Well you got the shaft out, mark it and then pull the slip splines apart. Grease the splines thoroughly and reassemble (simply greasing through the grease nipple is not effective at evenly greasing the entire length of the splines and over greasing can hydraulically lock your shaft solid which will then damage your diffs internal crush sleeve when the suspension cycles). Once the splines are properly greased and reassembled if you notice any improvement, it will further prove the problem is the poor shaft angles and not output bearing.
 
I just called a mob that sell these dc shafts, there not cheap, I need to provide measurements etc so he can quote me correctly

Did you get full new shaft or just put the new dc uni joint onto existing shaft.
I actually read your thread on the subject prior to you chipping in, so it's good you picked this up to clarify, much appreciated.
My other option is to remove air bags from Oldtoy, then who knows how my ride would feel then with the untried existing springs, either way it's still a cost my wife will not endorse in hurry.
I have exhausted my " asking for forgiveness as opposed to asking for permission"
 
I replaced the entire shaft.
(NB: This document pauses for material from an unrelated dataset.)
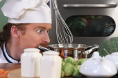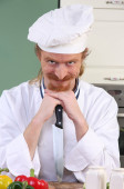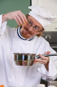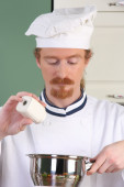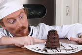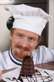 śmieszne młody szef kuchni dodaje sosem czekoladowym bułka z masłem
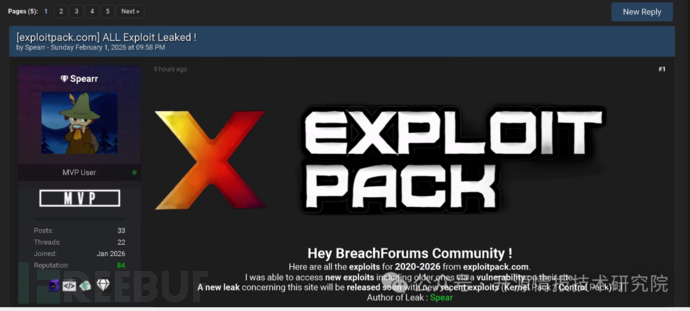 泄露者的话述:2020-2026 年的所有漏洞利用程序。我利用他们网站上的一个漏洞,访问了包括一些旧漏洞在内的新漏洞利用程序。关于该网站的最新泄露信息即将发布,其中包含最新的漏洞利用程序(内核包/控制包) ! :]Author of Leak : Spearexploitpack是荷兰 Exploit Pack 公司运营的商业化渗透测试与漏洞利用框架官网,面向红队与渗透测试人员,提供企业级漏洞利用、载荷生成、后渗透与 C2 等一体化攻防工具链,2007 年启动,现总部位于荷兰马斯特里赫特。以下是核心信息:

If youve got the noise youve already got wear in the splines and adding a DC joint will not completely fix the problem.

I also had them use cross over flanges that mate the Toyota flanges to spicer U-joints. Two reasons for this; price and availibility. A Toyota DC joint is going to be a lot more expensive and Spicer U-joints are available every where.

I used 1310 Spicer sealed U-joints. Because they are not cross drilled for grease passages they are much stronger. I chose 1310's to ensure clearance of the DC joint on the stock transmission cross member. 1330 or even 1350 could be used on the diff end but I wanted them all the same

No DC shafts are not cheap but prices can vary greatly. Pats Driveline (Quality Gear) in Lethbridge AB quoted me $1500 just to add a DC joint to my shaft. Extreme Driveline in Red Deer AB, built me a brand new shaft including crossover flanges for under $700.

Places down south like Tom Woods could do it even cheaper but I didnt want to order long distance and risk screwing up the measurements
 
Yup it all depends how you use your truck. If you only lock the hubs when you hit the trail a few times a month then a stock shaft will last a long time. If you daily drive in winter in Canada and rely on 4hi for safety then the DC shaft is the only way to go!!
 
Before you start spending money , have you tried greasing the splines? And do you know for sure the grease is reaching the splines?
I use to get a growl from the front and thats what it was.

EDIT i see someone has already suggested it
 
In that case I would suspect the front transfer output bearing.

Common issue this, there are no shims on the front output shaft unlike the rear output, so no adjustment. Its made worse after a lift, a combination of worn parts right thru from the front axles, diff, uni-joints, slip yokes, wrong tail shaft angle and finally the output shaft bearing, also the needle bearing in the t-case also allows play.

This all adds to that GRRRRRRRRR you get when you lift your foot off in H4, there will always be a little play in the front output shaft.

Seen this on fully rebuilt boxes also, tell tail sign of a worn front output shaft is a weeping oil seal. To test take your front tail shaft off and see how much movement is in the shaft, also check the flange nut is not loose as well?

Replace the oil seal with a OEM one as they are the best to use? but like other forum members have said your angles need to be spot on and check your spline is not over packed with grease?